New member states are responsible for this convergence, while convergence in older members seems to have peaked.
In the euro zone, pre-tax prices are generally lowest in Finland and most expensive in Germany. Looking at the EU as a whole, Denmark is least expensive on average followed by Estonia, which is the cheapest market among the new member states.
Competition Commissioner Neelie Kroes said: "Price convergence for cars continues to improve in the EU, especially in the new member states. However, price differences for certain models remain significant and consumers should not hesitate to make competition play so as to benefit from the good deals that still exist when buying abroad."
EU competition rules for the motor vehicle sector aim in particular at removing obstacles to parallel imports throughout the EU. The Commission has already brought several cases against car manufacturers who were limiting parallel imports of cars and will continue to do so.
Price differences, based on May 1, 2005 figures, have continually decreased during the past year, since the new member states joined the EU, with the average standard deviation of prices between the 25 national markets falling from 6.9% in May 2004 to 6.4 % in November 2004 and to 6.3 % in the latest report.
However, pre-tax price differences for particular models between the cheapest and most expensive member states can still be substantial, says the ECs Competition Directorate.
Of the 1,878 price quotes in the report, 579 exceed by more than 20% the cheapest market in the EU (compared to 598 out of 1,909 in the previous report).
Of the 10 top best selling cars in EU in 2004, the widest price difference is the euro zone is for the Fiat Punto, which costs almost 30% more in Germany than in Finland. This difference represents a potential saving of €2,700 for the German consumer (including VAT) buying in Finland.

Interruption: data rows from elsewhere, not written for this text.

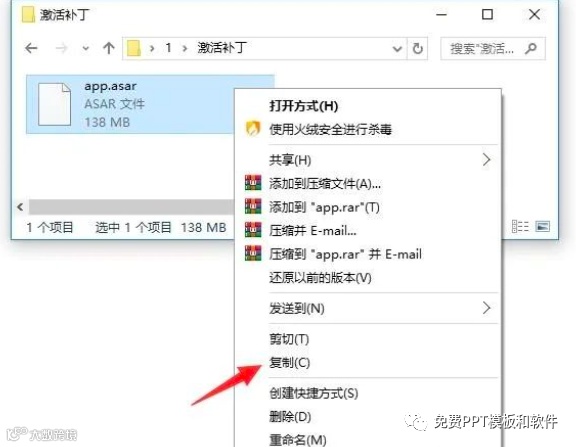 2、进入激活补丁文件夹,右击【app.asar】补丁选择【复制】。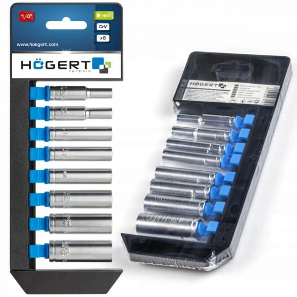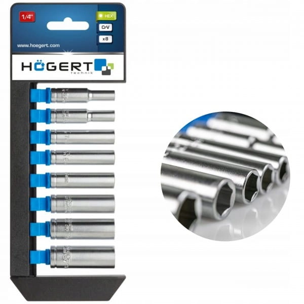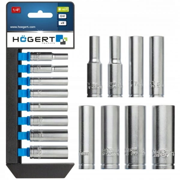 ZESTAW NASADEK DŁUGICH 1/4'' HOGERT HT1A886 8 SZT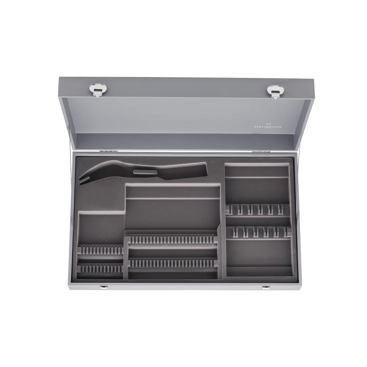 Découvrez l'écrin 50 couverts Guy Degrenne, un accessoire indispensable pour préserver l'éclat de votre service de table. Conçu avec une feutrine douce spécialement étudiée, cet écrin de rangement est idéal pour protéger vos couverts contre les rayures et les ternissures.
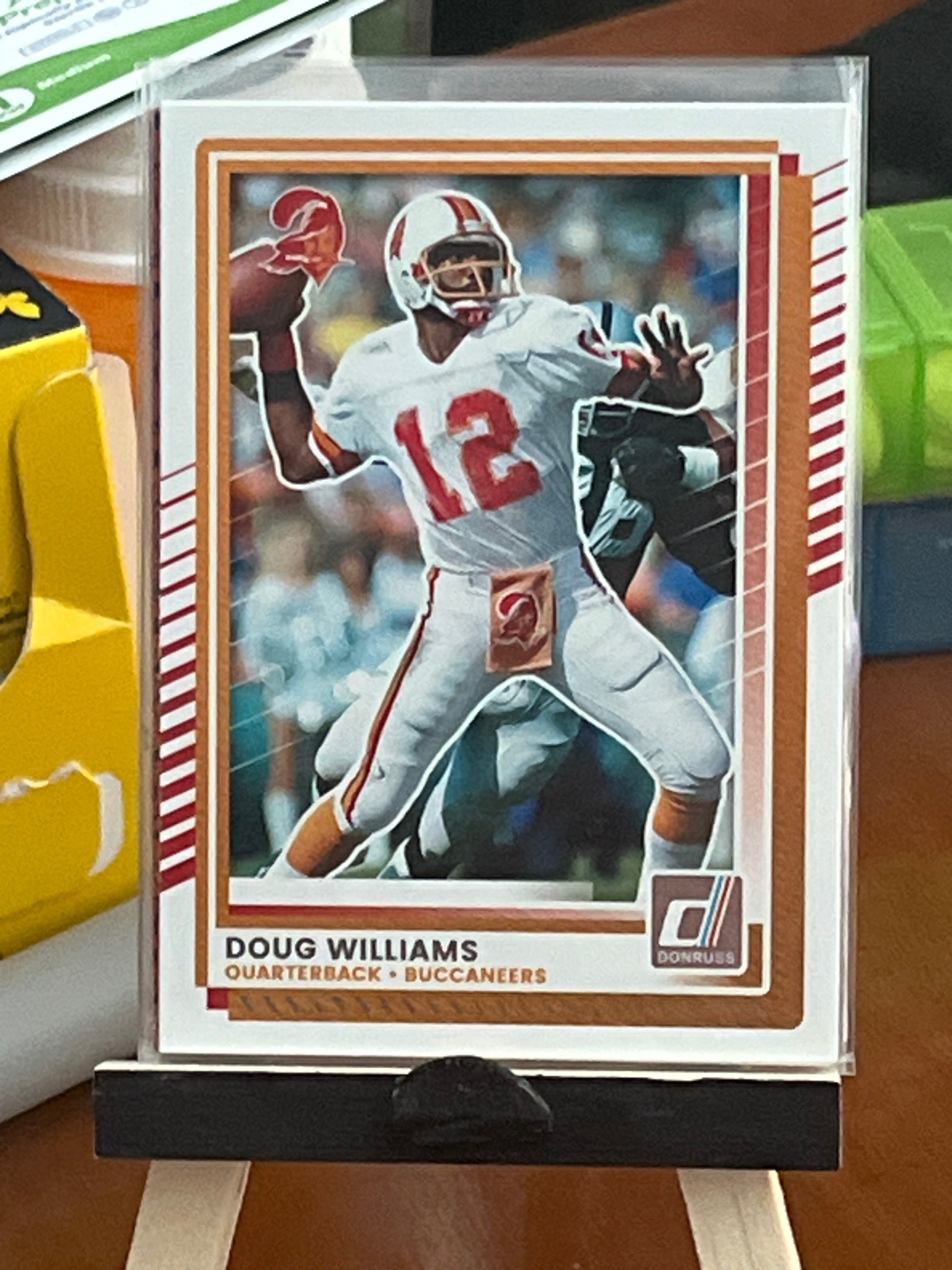 This is a 2021 Donruss football trading card featuring Doug Williams of the Tampa Bay Buccaneers, designed with a vintage 'Retro Series' aesthetic that pays homage to classic 1980s card designs. The card displays Williams in his iconic white and orange 'Creamsicle' era uniform, capturing him in a dynamic throwing motion. The physical construction is standard cardstock with a glossy finish on the front. It features a distinctive bronze-colored textured border with white diagonal pinstripe accents on the sides. The 'Donruss' brand logo is clearly visible in the lower right corner, and the player's name, position, and team are printed in a clean sans-serif font along the bottom margin. The card is currently housed in a clear protective sleeve (penny sleeve) and displayed on a miniature wooden easel. Regarding condition, the card appears to be in near-mint to mint condition with sharp corners and clean edges visible through the sleeve. There are no signs of surface scratches, creasing, or discoloration typical of older cards, as this is a modern production. The centering of the image within the bronze border appears balanced, further enhancing its visual appeal for collectors of both modern sports memorabilia and historical NFL figures.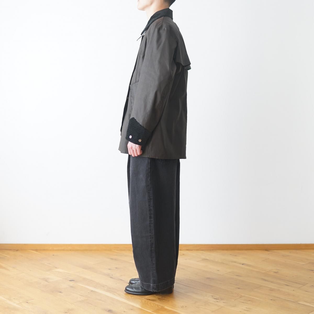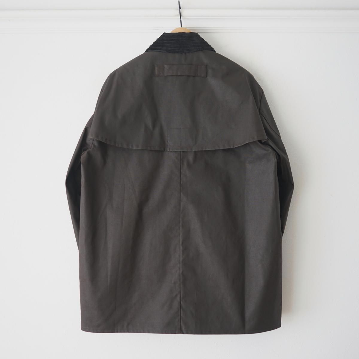 レザー調のコーティング加工を施したコットンキャンバス生地を使用し、軽やかながらもハリ感のある肌触りで、着込むほどに味わいを増します。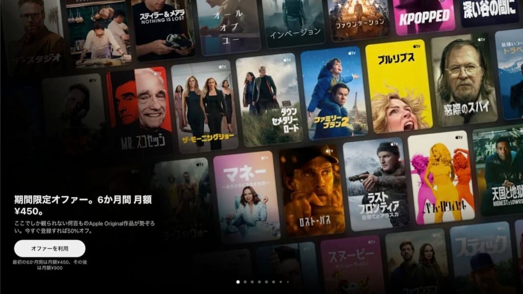 Apple TVは2025年12月2日(火)13:00までの期間限定で6か月間、50%オフとなる月額450円で楽しめるブラックフライデー限定オファーを展開中だ。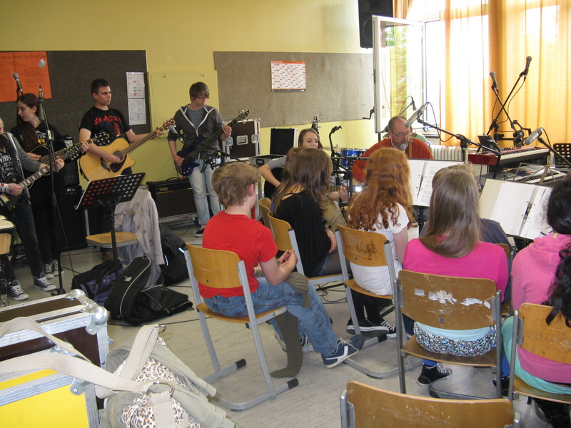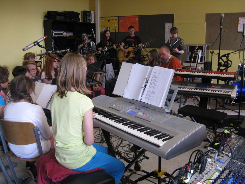 Wir suchen einerseits Schülerinnen und Schüler, die schon Instrumente spielen. Die wichtigsten Akkorde auf der Gitarre oder dem Keyboard sollten sitzen.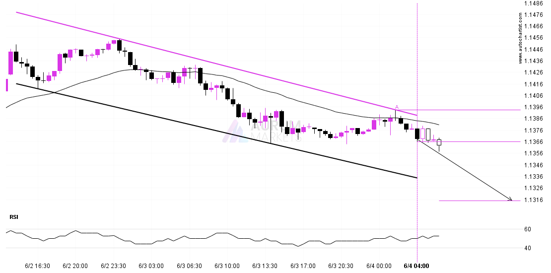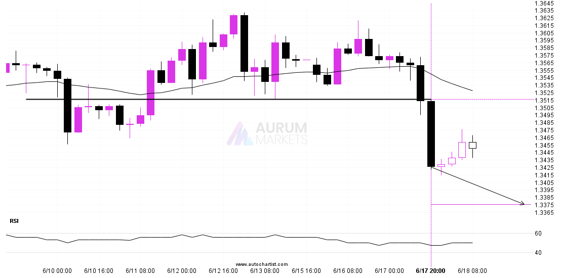 Broke through Support level of 1.1464 at 12/12 22:00. Possible bearish price movement forecast for the next 12 hours towards 1.1439.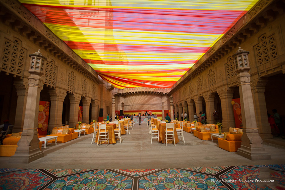 The sangeet was the grandest pre-wedding ceremony amongst all the celebrations hosted in honor of the happy couple. The stage for the function was erected on the lush lawns of the palace with colorful neon flashes and hundreds of tiny lights and lanterns brightening up the place. The tables were surrounded by crystal clear Chiavari chairs and elaborate floral centerpieces. The couple looked stunning together, and their guests cheered for them heartily. The other exciting highlights of this musical event were entertaining performances by Jay Sean and Juggy D, alongside the presence of TV star Mandira Bedi.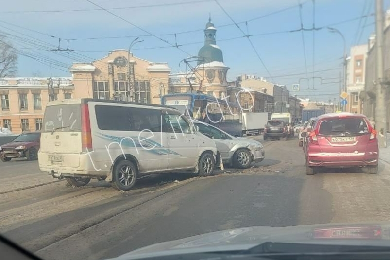 Две иномарки столкнулись на трамвайных путях в центре Иркутска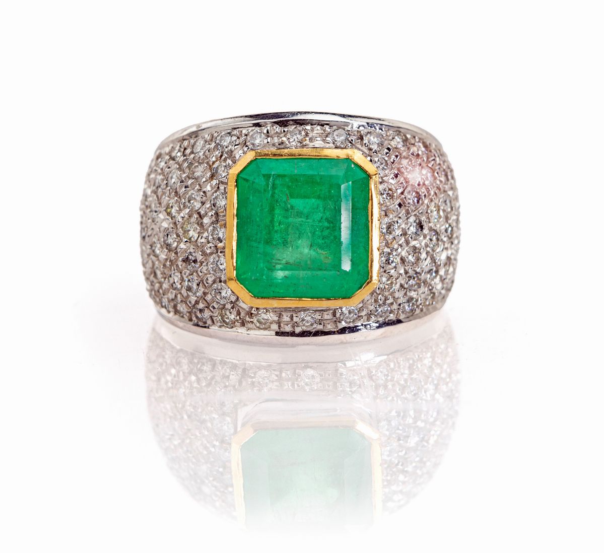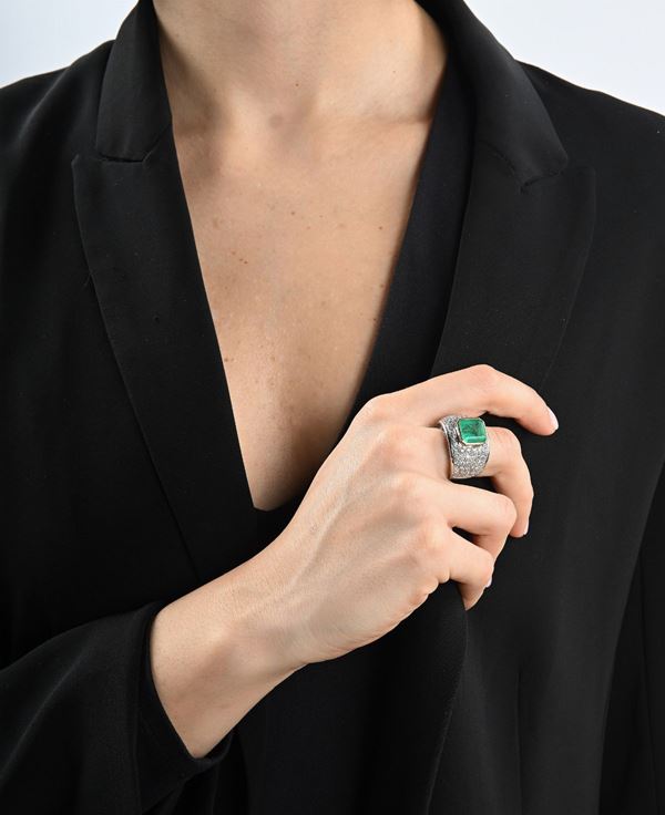 Oro bianco 750/000. Smeraldo naturale ct. 5,50 ca, diamanti in taglio rotondo brillante ct. 2,30, prob G-H, VS-SI. Peso complessivo gr. 14,60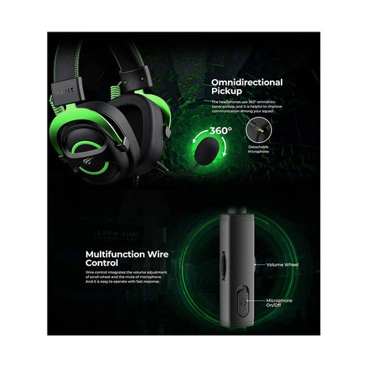 Havit Gamenote H2002E Wired Black & Green Gaming Headphone
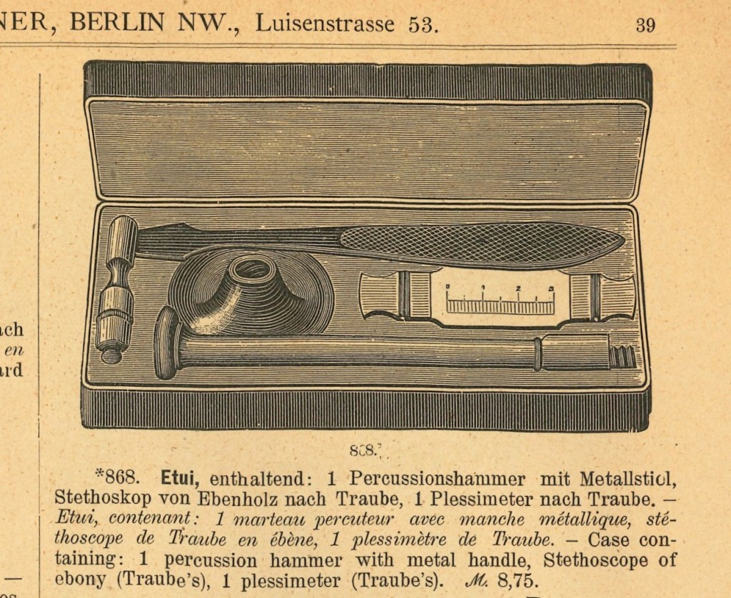 Marteau utilisé en combinaison avec un plessimètre en métal, ivoire, cuir ou caoutchouc.

Germany continues to be the more expensive market overall in the EU for the models surveyed. In Germany, 34 models out of 89 in the report are sold to consumers at the highest prices in the euro zone and 20 models are 20% more expensive than in the cheapest national market within the euro zone.
Within the euro zone, Finland is the cheapest new car market. Outside it, Denmark is the cheapest market in the EU with prices 5.7% below those in Finland.
Compared with May 2004, car prices at May 2005 had increased by 0.4% in the EU (+1.3% in the euro zone).
Car prices dropped in the UK (-1.2%), in Poland (-7.6%) and the Czech Republic (-6%). Prices increased, though at a moderate pace, in Germany (+0.3%), France (+0.9%) and Italy (+2.6%). Member states with traditionally low pre-tax prices generally did not experience significant increases in consumer prices for cars. Prices increased in Denmark (+2.4%) and Greece (+1.8%), whereas they decreased in Finland (-2%) and in Estonia (-8.3%).